# YOUR OBJECTIVE
Everything in the entries below must be reproduced exactly, except the images.

# DATA SHOWN
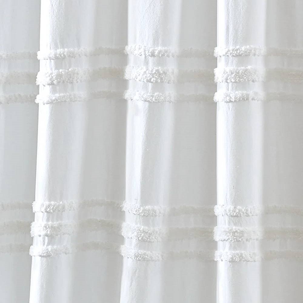 72-inch White Cotton Chenille Stripe Shower Curtain - Machine Washable
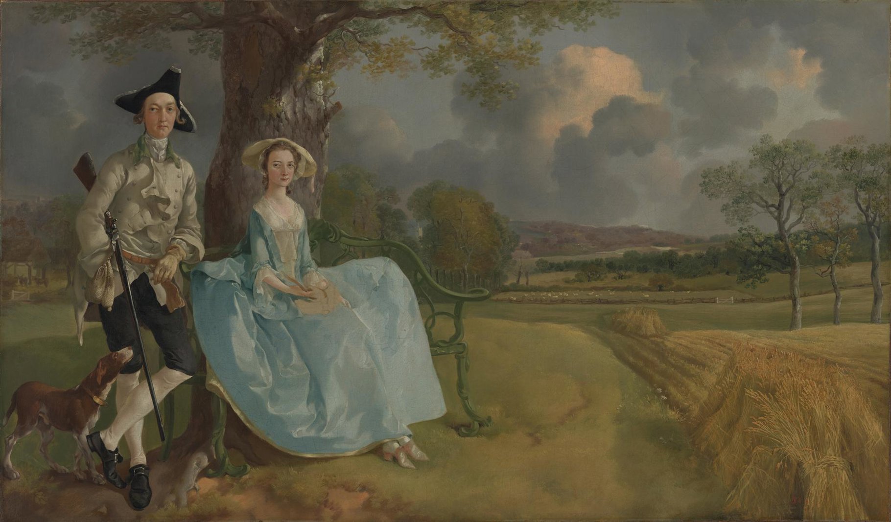 The painting is set on a country estate in the southern English countryside, near Sudbury in Suffolk. Mr Robert Andrews and his wife Frances are the main focus, but the composition is unusual, as they are positioned on the far left. The rest of the painting to the right shows the surrounding landscape. It is a triple portrait: husband and wife, and their land. Behind the couple looms a majestic oak, which is still alive and well today.
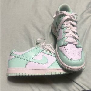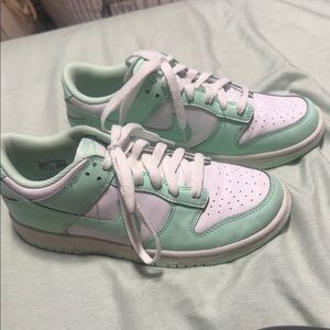Stylish mint green and white sneakers. Perfect for kids' casual wear. Comfortable and trendy design.
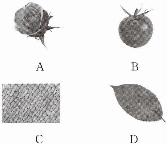 1.C 解析:从构成生物的结构层次上分析,A花、B西红柿和D叶片都是由不同的组织按照一定的次序结合在一起构成的器官。C属于组织。 2.C 解析:黄瓜属于果实;胡萝卜以肉质根作蔬菜食用;土豆是变态茎;菠菜是以绿叶为产品的草本植物,食用部分是叶;大豆是种子。
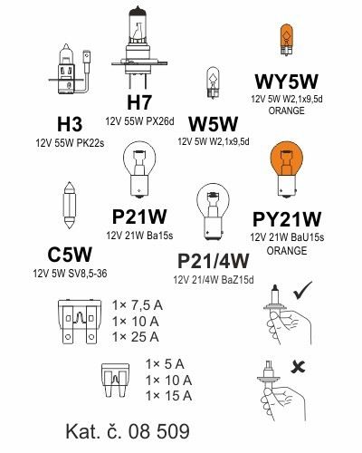 Náhradní autožárovky a pojistky na Škoda Fabia I. v plastovém servisním boxu, který je vyroben z PVC. Homologace E.
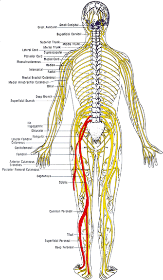 In our case for the sciatic nerve, you will see these symptoms occurring as high in the hip or glute/butt muscles and down all the way into the toes.
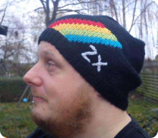 | Alle gode gange 3 - denne har heller ikke et mønster endnu *flov* Den fine hue, jeg lavede på bestilling til min søde mand. Det er en ægte geek-hue - regnbuen og bogstaverne er logoet for den første computer, han havde dengang i 80'erne, ZX Spektrum. Jeg laver et mønster på den MEGET snart, for jeg har alle noterne klar :-D | ||
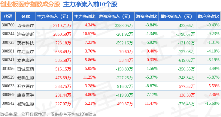 资金流向方面,创业板医疗(970082)指数成份股当日主力资金净流出合计3.15亿元,游资资金净流入合计7138.66万元,散户资金净流入合计2.44亿元。成份股资金流向详情见下表:

# SOLUTION TO THE PROBLEM
 72-inch White Cotton Chenille Stripe Shower Curtain - Machine Washable
 The painting is set on a country estate in the southern English countryside, near Sudbury in Suffolk. Mr Robert Andrews and his wife Frances are the main focus, but the composition is unusual, as they are positioned on the far left. The rest of the painting to the right shows the surrounding landscape. It is a triple portrait: husband and wife, and their land. Behind the couple looms a majestic oak, which is still alive and well today.
Stylish mint green and white sneakers. Perfect for kids' casual wear. Comfortable and trendy design.
 1.C 解析:从构成生物的结构层次上分析,A花、B西红柿和D叶片都是由不同的组织按照一定的次序结合在一起构成的器官。C属于组织。 2.C 解析:黄瓜属于果实;胡萝卜以肉质根作蔬菜食用;土豆是变态茎;菠菜是以绿叶为产品的草本植物,食用部分是叶;大豆是种子。
 Náhradní autožárovky a pojistky na Škoda Fabia I. v plastovém servisním boxu, který je vyroben z PVC. Homologace E.
 In our case for the sciatic nerve, you will see these symptoms occurring as high in the hip or glute/butt muscles and down all the way into the toes.
 | Alle gode gange 3 - denne har heller ikke et mønster endnu *flov* Den fine hue, jeg lavede på bestilling til min søde mand. Det er en ægte geek-hue - regnbuen og bogstaverne er logoet for den første computer, han havde dengang i 80'erne, ZX Spektrum. Jeg laver et mønster på den MEGET snart, for jeg har alle noterne klar :-D | ||
 资金流向方面,创业板医疗(970082)指数成份股当日主力资金净流出合计3.15亿元,游资资金净流入合计7138.66万元,散户资金净流入合计2.44亿元。成份股资金流向详情见下表:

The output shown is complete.